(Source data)
▼

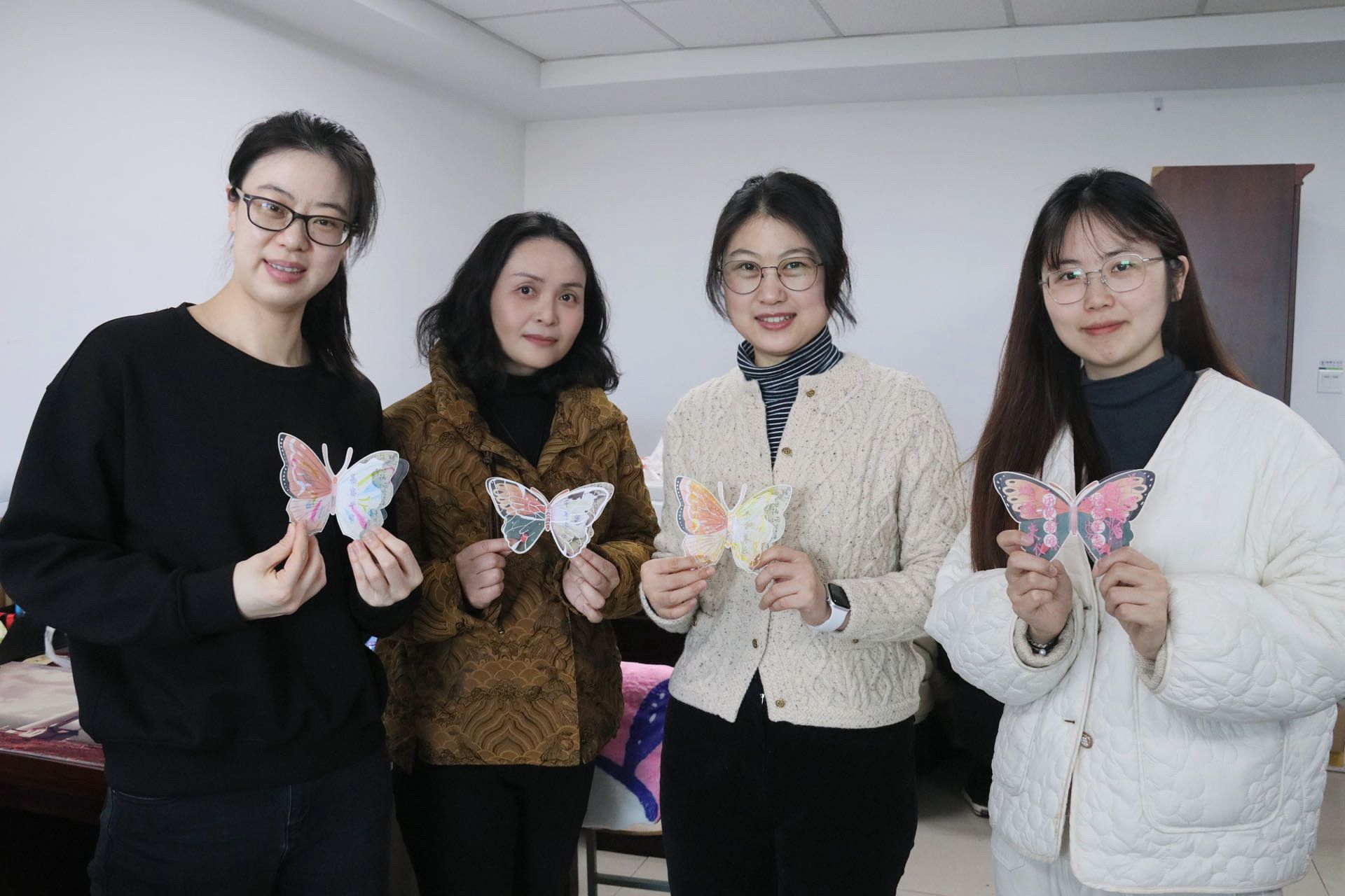 活動中,學生們熱情高漲,他們迫不及待地拿起畫筆和工具,將自己對老師的敬意和感激之情融入到每一個精心制作的立體蝴蝶書簽中。每一只蝴蝶都在學生們的手中變得栩栩如生。這些書簽不僅造型各異、色彩斑斕,還蘊含著學生們的巧思和祝福。一位收到禮物的老師表示:“這些書簽簡直太美了,它們是學生們對我們深深的敬意和祝福,這是我收到過最有意義的婦女節禮物,我會好好珍藏。”
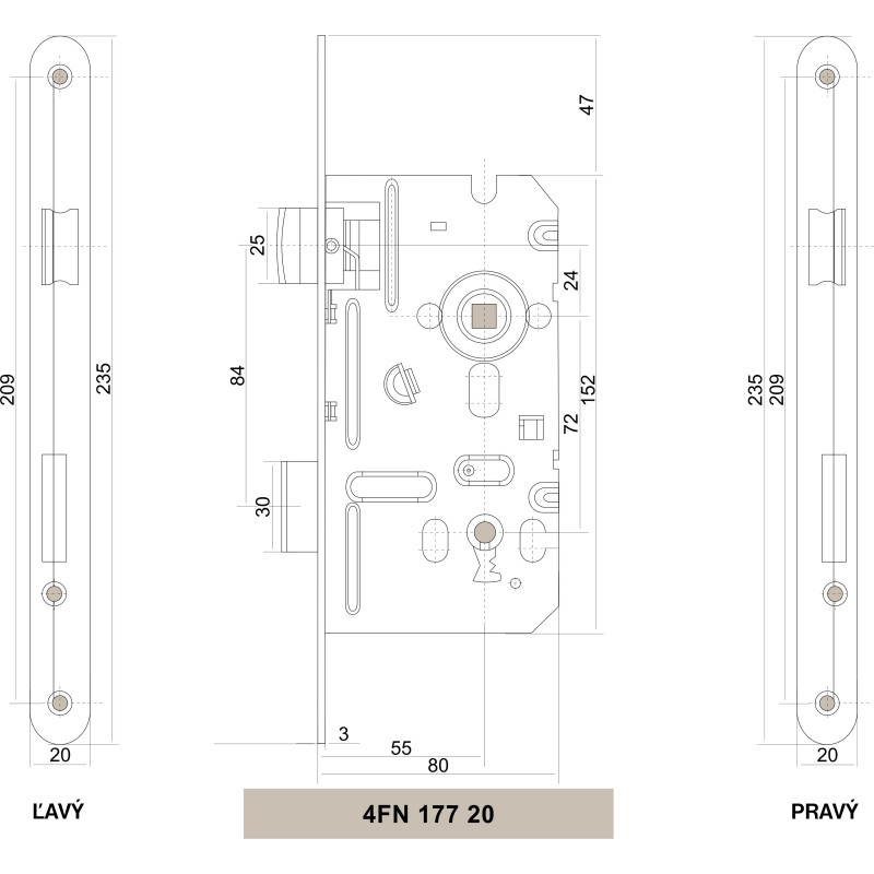 Stavební zadlabací zámek na klíč
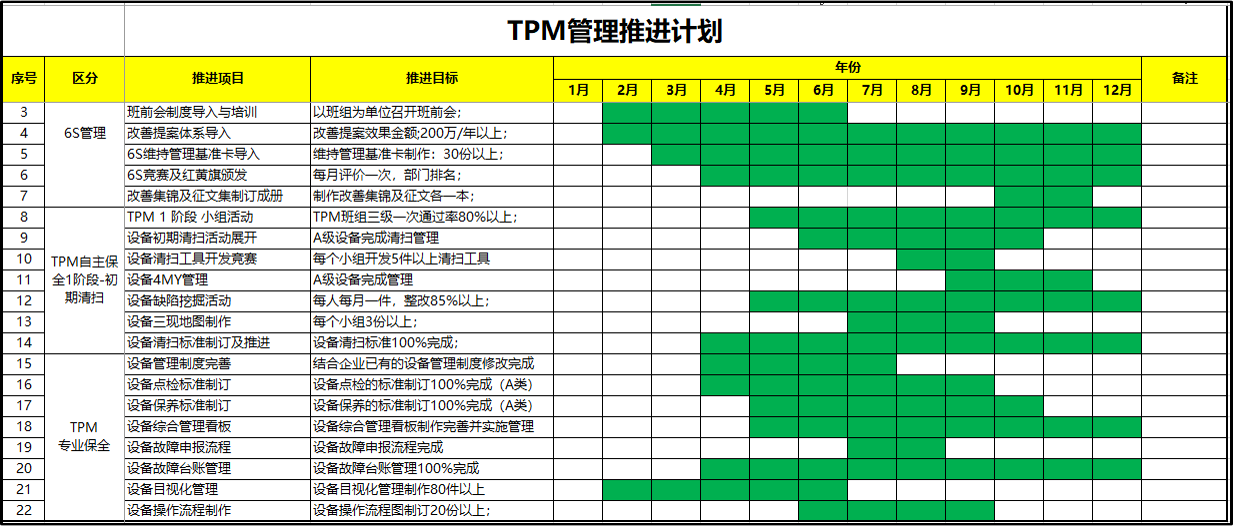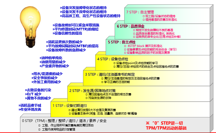TPM 7 STEP是自主管理:通過(guò)持續(xù)的TPM各STEP的活動(dòng),員工綜合素養(yǎng)和能力達(dá)到最佳化,前期標(biāo)準(zhǔn)化內(nèi)容形成企業(yè)管理的制度,優(yōu)化各項(xiàng)管理的流程,確保成為行業(yè)最高競(jìng)爭(zhēng)力的公司。
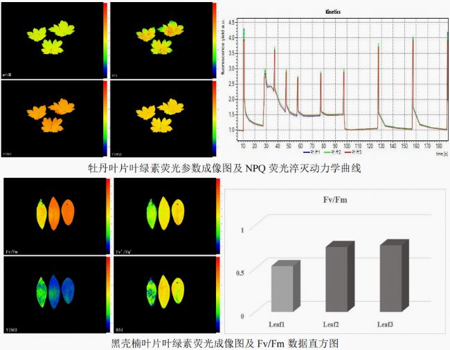 牡丹葉片三個(gè)葉片未做處理,生長(zhǎng)狀態(tài)接近,其整體光合活性之間無明顯差異,但葉片內(nèi)部不同部位光合性能存在差別,結(jié)果也體現(xiàn)了這種異質(zhì)性,這也是成像系統(tǒng)的優(yōu)勢(shì)所在。而黑殼楠三個(gè)葉片,Leaf1進(jìn)行了低溫處理,其Fv/Fm(暗適應(yīng)下的最大光量子通量,反映最大光合能力)明顯降低,說明其光合效率降低。Y(NO)(PSII處非調(diào)節(jié)性能量耗散的量子產(chǎn)量光合效率,是光保護(hù)的重要指標(biāo))明顯升高,說明其遭受了光損傷,光耐受能力下降。
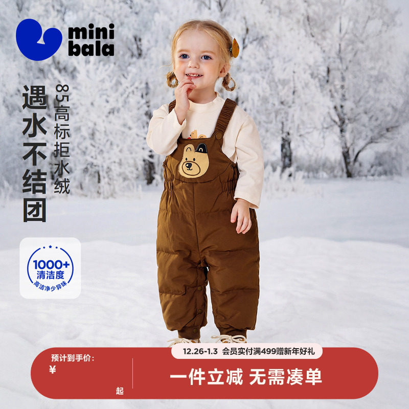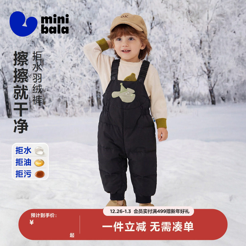 [拒水羽绒]迷你巴拉巴拉男女童宝宝羽绒裤2025冬新品保暖三防长裤
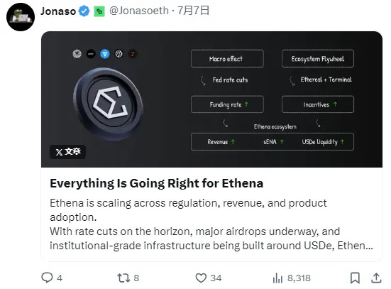 Jonaso:在不到一年的时间里,USDe 供应量从 0 上涨至 60 多亿美元,超越 DAI 成为第三大去中心化稳定币,仅次于 USDT 和 USDC。sUSDe 年化收益率已经达到 10%,成为当前加密领域最高可持续性收益。收益激增正推动 Aave 及其他去中心化平台上的激进循环套利策略发展。融资利率正不断上升,当前比特币融资利率为 19%,以太坊为 12%,这是 6 个月来两者首次同时突破 11% 基准线。Ethena 本周收入达 780 万美元,年化预期收入超 4 亿美元。保守估计仍有上升空间,当前 Ethena 已将 41% 的稳定币储备转入收益更高的永续合约策略,而市场平均资金费率已达到 14%。更高的年化收益率同时满足了启用 ENA 费用开关的关键条件:sUSDe 的收益必须比当前 Sky 储蓄利率(现为 4.5%)至少高出 5%,该里程碑现已确认达成。
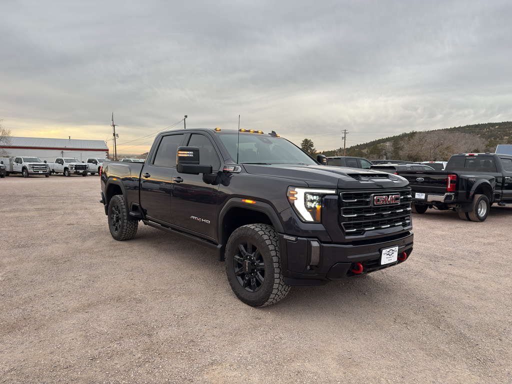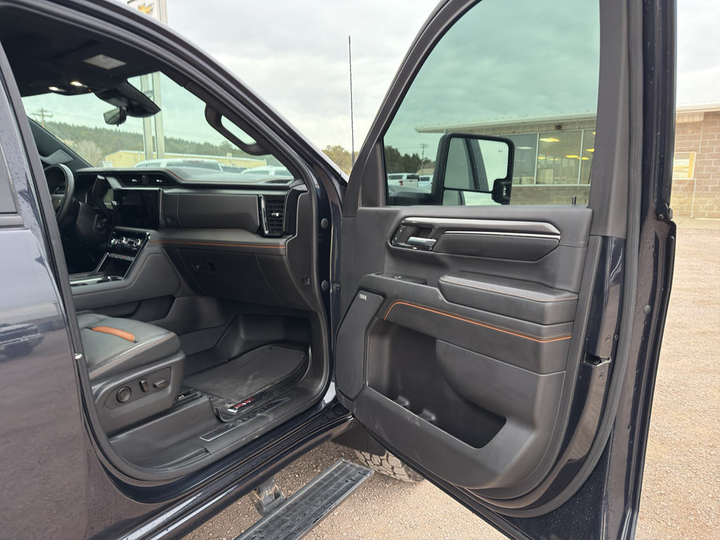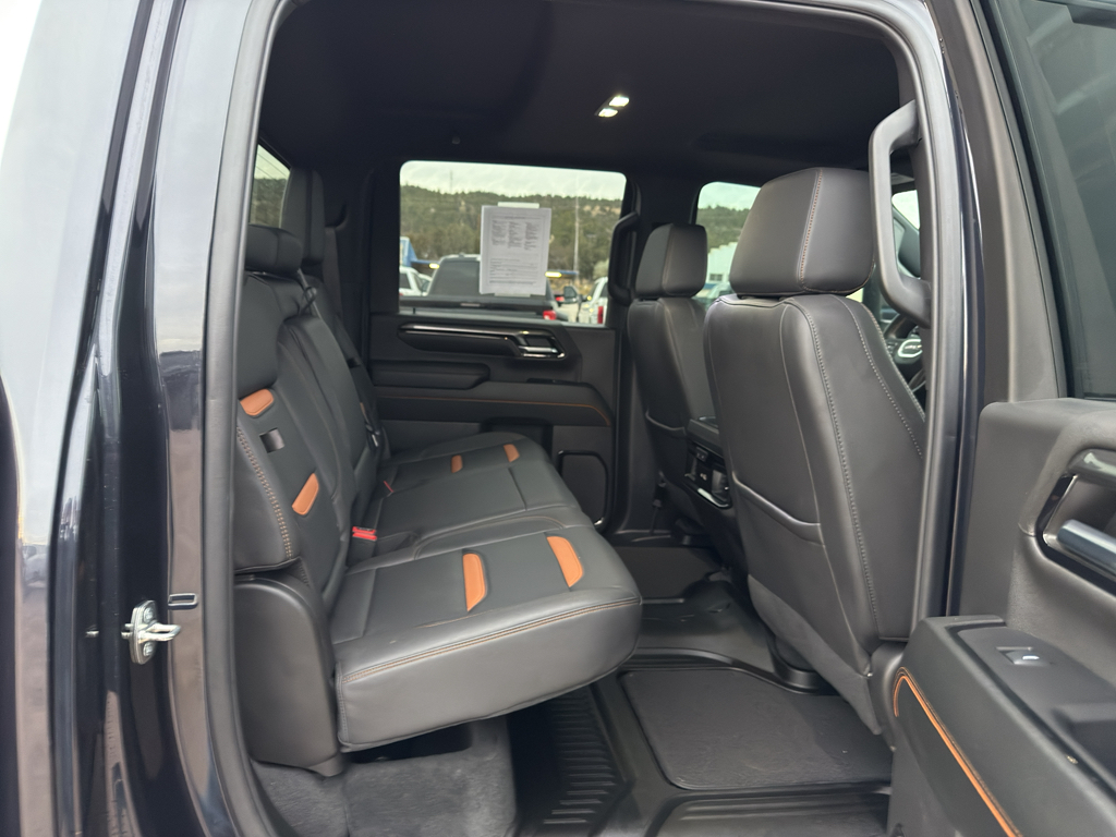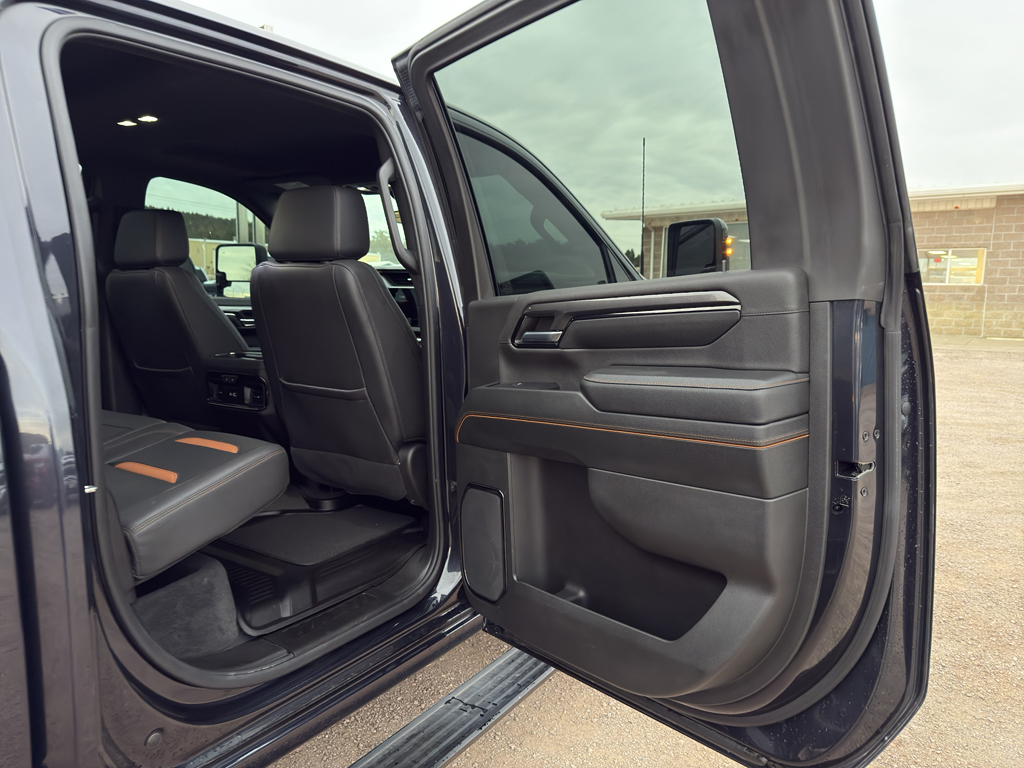 Preferred Equipment Group 4SB: LED Cargo Area Lighting; Trailer Side Blind Zone Alert; SiriusXM with 360L; Remote Vehicle Starter System; Safety Alert Seat; Ultrasonic Front and Rear Park Assist; Trailer Cam Provisions and Trailer Viewing Software; Electric Rear-Window Defogger; Floor-Mounted Center Console; Gloss Black Header Grille and Grille Insert Bars; Unauthorized Entry Theft-Deterrent System; Bed View Camera with Two Trailer Camera Provisions; Front Rain-Sensing Wipers; Sierra HD Pro Safety; Wireless Phone Projection; 2 USB Ports; Rear Cross Traffic Alert; 120-Volt Instrument Panel Power Outlet; 2 Charge/data USB Ports Inside Center Console; Heated Driver and Front Outboard Passenger Seats; Wireless Charging; X31 Off-Road Package; Front Premium Floor Liners with Removable Carpet Insert; Steering Wheel Audio Controls; Rear Premium Floor Liners with Removable Carpet Insert; 2 Charge-Only Rear USB Ports; GMC Connected Access Capable; OnStar and GMC Connected Services Capable; 120-Volt Bed Mounted Power Outlet; Heated 2nd Row Outboard Seats; Power Front Passenger Windows with Express Up/down; Bose Premium 7-Speaker Sound System; 2-Speed Active Transfer Case; Deep-Tinted Glass; 6.6L V8 with Direct Injection and Variable Valve Timing Engine; Spray-On Bedliner with AT4 Logo; Integrated Trailer Brake Controller; HD Surround Vision; Ventilated Driver and Front Passenger Seats; Manual Tilt-Wheel/telescoping Steering Column; Keyless Open and Start; ProGrade Trailering System; Push Button Start; Rear Wheelhouse Liners
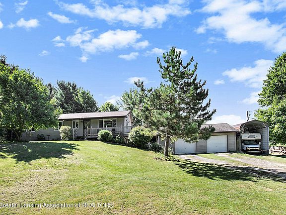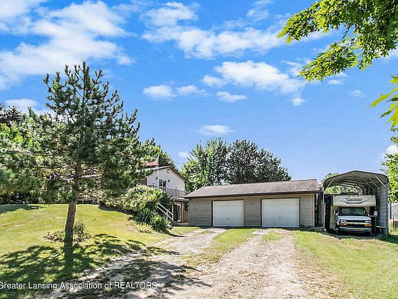 The lower level offers additional living space with a fourth bedroom, a family room with a pellet-burning stove, and a convenient walkout to the back yard. The roof is relatively new, having been replaced about five years ago. Washer and dryer are included in the sale as well. Outside, the property includes a 32x24 detached 2.5-car garage/pole barn, along with an additional 32x24 pole barn with a dirt floor and electricity. There is also an RV Carport on the side of the detached garage, 12x26 which is enclosed on 3 sides with partial concrete. The mostly wrap around porch is wonderful to take in the gorgeous sunsets or watch the wildlife romp around in the yard! The fenced backyard provides privacy and security, while the beautifully maintained grounds feature an array of fruit trees, adding both beauty and utility to the landscape. With plenty of room to roam, this property is a true retreat, blending comfort with the serenity of nature. Not too far from Lansing, Dewitt or St Johns, this conveniently located home is ready to make all yours! Schedule your showing today! Additional home/drone photos and floor layout to be uploaded when listing goes live on Wednesday, September 4th, per coming soon status.
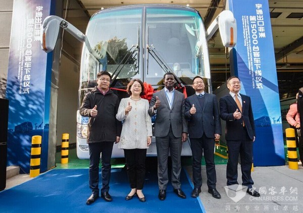 就在当天的访问活动中,宇通出口非洲的第15000辆客车正式下线,非洲使节团在亲眼见证了这一重要时刻后为宇通客车竖起了大拇指。

▲

Give every entry again word for word; no images belong in the copy.

The answer:
 活動中,學生們熱情高漲,他們迫不及待地拿起畫筆和工具,將自己對老師的敬意和感激之情融入到每一個精心制作的立體蝴蝶書簽中。每一只蝴蝶都在學生們的手中變得栩栩如生。這些書簽不僅造型各異、色彩斑斕,還蘊含著學生們的巧思和祝福。一位收到禮物的老師表示:“這些書簽簡直太美了,它們是學生們對我們深深的敬意和祝福,這是我收到過最有意義的婦女節禮物,我會好好珍藏。”
 Stavební zadlabací zámek na klíč
TPM 7 STEP是自主管理:通過(guò)持續(xù)的TPM各STEP的活動(dòng),員工綜合素養(yǎng)和能力達(dá)到最佳化,前期標(biāo)準(zhǔn)化內(nèi)容形成企業(yè)管理的制度,優(yōu)化各項(xiàng)管理的流程,確保成為行業(yè)最高競(jìng)爭(zhēng)力的公司。
 牡丹葉片三個(gè)葉片未做處理,生長(zhǎng)狀態(tài)接近,其整體光合活性之間無明顯差異,但葉片內(nèi)部不同部位光合性能存在差別,結(jié)果也體現(xiàn)了這種異質(zhì)性,這也是成像系統(tǒng)的優(yōu)勢(shì)所在。而黑殼楠三個(gè)葉片,Leaf1進(jìn)行了低溫處理,其Fv/Fm(暗適應(yīng)下的最大光量子通量,反映最大光合能力)明顯降低,說明其光合效率降低。Y(NO)(PSII處非調(diào)節(jié)性能量耗散的量子產(chǎn)量光合效率,是光保護(hù)的重要指標(biāo))明顯升高,說明其遭受了光損傷,光耐受能力下降。
 [拒水羽绒]迷你巴拉巴拉男女童宝宝羽绒裤2025冬新品保暖三防长裤
 Jonaso:在不到一年的时间里,USDe 供应量从 0 上涨至 60 多亿美元,超越 DAI 成为第三大去中心化稳定币,仅次于 USDT 和 USDC。sUSDe 年化收益率已经达到 10%,成为当前加密领域最高可持续性收益。收益激增正推动 Aave 及其他去中心化平台上的激进循环套利策略发展。融资利率正不断上升,当前比特币融资利率为 19%,以太坊为 12%,这是 6 个月来两者首次同时突破 11% 基准线。Ethena 本周收入达 780 万美元,年化预期收入超 4 亿美元。保守估计仍有上升空间,当前 Ethena 已将 41% 的稳定币储备转入收益更高的永续合约策略,而市场平均资金费率已达到 14%。更高的年化收益率同时满足了启用 ENA 费用开关的关键条件:sUSDe 的收益必须比当前 Sky 储蓄利率(现为 4.5%)至少高出 5%,该里程碑现已确认达成。
 Preferred Equipment Group 4SB: LED Cargo Area Lighting; Trailer Side Blind Zone Alert; SiriusXM with 360L; Remote Vehicle Starter System; Safety Alert Seat; Ultrasonic Front and Rear Park Assist; Trailer Cam Provisions and Trailer Viewing Software; Electric Rear-Window Defogger; Floor-Mounted Center Console; Gloss Black Header Grille and Grille Insert Bars; Unauthorized Entry Theft-Deterrent System; Bed View Camera with Two Trailer Camera Provisions; Front Rain-Sensing Wipers; Sierra HD Pro Safety; Wireless Phone Projection; 2 USB Ports; Rear Cross Traffic Alert; 120-Volt Instrument Panel Power Outlet; 2 Charge/data USB Ports Inside Center Console; Heated Driver and Front Outboard Passenger Seats; Wireless Charging; X31 Off-Road Package; Front Premium Floor Liners with Removable Carpet Insert; Steering Wheel Audio Controls; Rear Premium Floor Liners with Removable Carpet Insert; 2 Charge-Only Rear USB Ports; GMC Connected Access Capable; OnStar and GMC Connected Services Capable; 120-Volt Bed Mounted Power Outlet; Heated 2nd Row Outboard Seats; Power Front Passenger Windows with Express Up/down; Bose Premium 7-Speaker Sound System; 2-Speed Active Transfer Case; Deep-Tinted Glass; 6.6L V8 with Direct Injection and Variable Valve Timing Engine; Spray-On Bedliner with AT4 Logo; Integrated Trailer Brake Controller; HD Surround Vision; Ventilated Driver and Front Passenger Seats; Manual Tilt-Wheel/telescoping Steering Column; Keyless Open and Start; ProGrade Trailering System; Push Button Start; Rear Wheelhouse Liners
 The lower level offers additional living space with a fourth bedroom, a family room with a pellet-burning stove, and a convenient walkout to the back yard. The roof is relatively new, having been replaced about five years ago. Washer and dryer are included in the sale as well. Outside, the property includes a 32x24 detached 2.5-car garage/pole barn, along with an additional 32x24 pole barn with a dirt floor and electricity. There is also an RV Carport on the side of the detached garage, 12x26 which is enclosed on 3 sides with partial concrete. The mostly wrap around porch is wonderful to take in the gorgeous sunsets or watch the wildlife romp around in the yard! The fenced backyard provides privacy and security, while the beautifully maintained grounds feature an array of fruit trees, adding both beauty and utility to the landscape. With plenty of room to roam, this property is a true retreat, blending comfort with the serenity of nature. Not too far from Lansing, Dewitt or St Johns, this conveniently located home is ready to make all yours! Schedule your showing today! Additional home/drone photos and floor layout to be uploaded when listing goes live on Wednesday, September 4th, per coming soon status.
 就在当天的访问活动中,宇通出口非洲的第15000辆客车正式下线,非洲使节团在亲眼见证了这一重要时刻后为宇通客车竖起了大拇指。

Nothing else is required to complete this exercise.